Object: Symptoms from Parkinson's disease improve after surgical ablation of the medial globus pallidus (GPm). Although, in theory, selective chemical ablation of neurons in the GPm could preserve vital structures jeopardized by surgery, the potential of this approach is limited when using traditional techniques of drug delivery. The authors examined the feasibility of convection-enhanced distribution of a neurotoxin by high-flow microinfusion to ablate the neurons of the GPm selectively and reverse experimental Parkinson's disease (akinesia, tremor, and rigidity).

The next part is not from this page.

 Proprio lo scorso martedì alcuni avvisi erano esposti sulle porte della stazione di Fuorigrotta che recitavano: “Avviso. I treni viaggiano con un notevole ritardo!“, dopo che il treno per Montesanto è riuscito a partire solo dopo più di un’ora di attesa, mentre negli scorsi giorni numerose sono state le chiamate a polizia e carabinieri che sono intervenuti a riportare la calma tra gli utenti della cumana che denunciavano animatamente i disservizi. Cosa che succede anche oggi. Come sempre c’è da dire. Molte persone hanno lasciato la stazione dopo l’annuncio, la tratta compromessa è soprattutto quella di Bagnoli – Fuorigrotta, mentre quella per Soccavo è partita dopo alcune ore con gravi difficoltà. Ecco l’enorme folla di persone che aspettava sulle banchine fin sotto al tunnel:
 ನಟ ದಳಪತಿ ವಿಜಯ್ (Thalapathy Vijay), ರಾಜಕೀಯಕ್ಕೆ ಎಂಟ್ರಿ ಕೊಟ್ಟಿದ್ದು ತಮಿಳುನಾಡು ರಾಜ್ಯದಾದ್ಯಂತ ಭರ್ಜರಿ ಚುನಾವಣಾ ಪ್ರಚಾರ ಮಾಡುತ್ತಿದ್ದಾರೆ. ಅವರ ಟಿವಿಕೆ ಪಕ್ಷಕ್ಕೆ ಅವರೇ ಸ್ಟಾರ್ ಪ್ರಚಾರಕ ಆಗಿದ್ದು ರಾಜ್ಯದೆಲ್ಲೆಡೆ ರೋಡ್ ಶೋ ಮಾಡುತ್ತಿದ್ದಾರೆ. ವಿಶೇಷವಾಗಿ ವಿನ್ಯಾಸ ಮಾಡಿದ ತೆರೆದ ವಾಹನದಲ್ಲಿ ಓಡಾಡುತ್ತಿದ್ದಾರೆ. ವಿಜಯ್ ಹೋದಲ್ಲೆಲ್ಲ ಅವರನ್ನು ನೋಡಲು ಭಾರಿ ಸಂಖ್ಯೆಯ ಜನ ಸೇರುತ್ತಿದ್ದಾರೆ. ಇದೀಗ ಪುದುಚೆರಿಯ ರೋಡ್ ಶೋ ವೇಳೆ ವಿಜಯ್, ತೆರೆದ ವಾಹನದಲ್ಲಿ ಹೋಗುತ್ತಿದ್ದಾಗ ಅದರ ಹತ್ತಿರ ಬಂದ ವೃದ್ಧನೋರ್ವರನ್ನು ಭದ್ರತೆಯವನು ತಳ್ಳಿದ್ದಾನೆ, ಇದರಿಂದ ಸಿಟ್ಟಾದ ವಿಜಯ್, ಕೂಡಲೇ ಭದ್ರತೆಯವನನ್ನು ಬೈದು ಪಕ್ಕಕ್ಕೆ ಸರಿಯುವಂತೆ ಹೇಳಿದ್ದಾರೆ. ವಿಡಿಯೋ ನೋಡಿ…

Methods: Initially, to test the feasibility of this approach, the GPms of two naive rhesus macaques were infused with kainic acid or ibotenic acid through two cannulas that had been placed using the magnetic resonance imaging-guided stereotactic technique. Two weeks later the animals were killed and their brains were examined histologically to determine the presence of neurons in the GPm and the integrity of the optic tract and the internal capsule. To examine the therapeutic potential of this paradigm, unilateral experimental Parkinson's disease was induced in six macaques by intracarotid infusion of 1-methyl-4-phenyl-1,2,3,6-tetrahydropyridine (MPTP) and their behavior was studied for 12 weeks after chemopallidotomy was performed using kainic acid (three animals) or control infusion (three animals).
Conclusions: Chemopallidotomy using kainic acid permanently reversed the stigmata of MPTP-induced parkinsonism. By contrast, the control animals exhibited a transient recovery following intrapallidal infusion and then relapsed back to their baseline state. The use of high-flow microinfusion of selectively active toxins has the potential for treatment of Parkinson's disease and, by expanding the range of approachable targets to include large nuclei, for broad applications in clinical and experimental neuroscience.